Wat is hier nu voor het Humanistisch Verbond belangrijk aan? Het is goed om in samenspraak met de ideeën van Benhabib een flexibele opvatting van cultuur en culturele identiteit te hanteren. Sociale waarden vanuit levensbeschouwing, cultuur en opvoeding betekent dan dat je bekend raakt met je eigen cultuur maar ook dat we cultuur gaan begrijpen als iets dat in beweging is, interne conflicten toont en geen vaste, starre grenzen heeft.
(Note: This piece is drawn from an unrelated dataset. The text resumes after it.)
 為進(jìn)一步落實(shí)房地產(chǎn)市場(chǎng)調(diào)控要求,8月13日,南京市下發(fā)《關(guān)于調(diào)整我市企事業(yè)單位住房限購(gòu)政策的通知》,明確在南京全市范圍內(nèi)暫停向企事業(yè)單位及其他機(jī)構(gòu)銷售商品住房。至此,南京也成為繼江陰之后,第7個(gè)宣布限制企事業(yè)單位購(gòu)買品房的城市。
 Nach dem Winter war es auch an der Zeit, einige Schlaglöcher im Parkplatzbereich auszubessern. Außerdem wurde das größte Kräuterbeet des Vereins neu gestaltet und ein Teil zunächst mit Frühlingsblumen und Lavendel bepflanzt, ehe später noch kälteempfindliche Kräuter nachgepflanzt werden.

Vervolgens zouden individuen in staat moeten worden gesteld zich vrijelijk te bewegen en op onderzoek uit te gaan, uiteraard met inachtneming van kosmopolitische waarden. Dit geldt zowel voor Nederlanders binnen de Nederlandse cultuur als voor niet-Nederlanders die hun eigen cultuur meebrengen.
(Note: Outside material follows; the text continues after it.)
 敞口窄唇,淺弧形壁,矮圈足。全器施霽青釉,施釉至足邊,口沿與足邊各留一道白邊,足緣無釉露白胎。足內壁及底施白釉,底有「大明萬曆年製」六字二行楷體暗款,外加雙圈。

Benhabib is vooral interessant omdat ze de dialoog in een samenleving belangrijk vindt maar hierbij wel aanmerkt dat `menswaardigheid' en respect voor de persoon altijd voorwaarden zijn. Er zijn met andere woorden bepaalde ethische uitgangspunten die we als kosmopolitisch omschrijven en die dus volgens Benhabib overal zouden moeten gelden. Denk hierbij aan mensenrechten, de gelijkwaardigheid van man en vrouw en de bescherming van kinderen. Maar hoe deze waarden precies uitpakken kan alleen vastgesteld worden door met elkaar in overleg te gaan. Een dialoog waarbij iedereen die betrokken is kan participeren (Benhabib noemt dit `deliberatieve democratie', ze laat zich - voor de geïnteresseerden onder u - vooral door Habermas in combinatie met feministische auteurs inspireren). Benhabib laat ook zien dat de zorgen over de overdracht van waarden en cultuur niet uit de lucht komen vallen. Deze zorgen kunnen bekeken worden in relatie tot het proces van mondialisering en antimondialisering, ofwel, grensvervaging en het belangrijker worden van culturele grenzen, met alle positieve en negatieve consequenties van dien. In deze context zal het humanisme evenals Benhabib een evenwicht moeten vinden tussen de wens om je culturele identiteit te waarderen maar gelijktijdig het individu de ruimte te laten op onderzoek te gaan, los van een groepsidentiteit en los van mensen die beweren namens een groep te spreken. Met een beetje fantasie kun je dit vertalen naar zelf denken samen leven.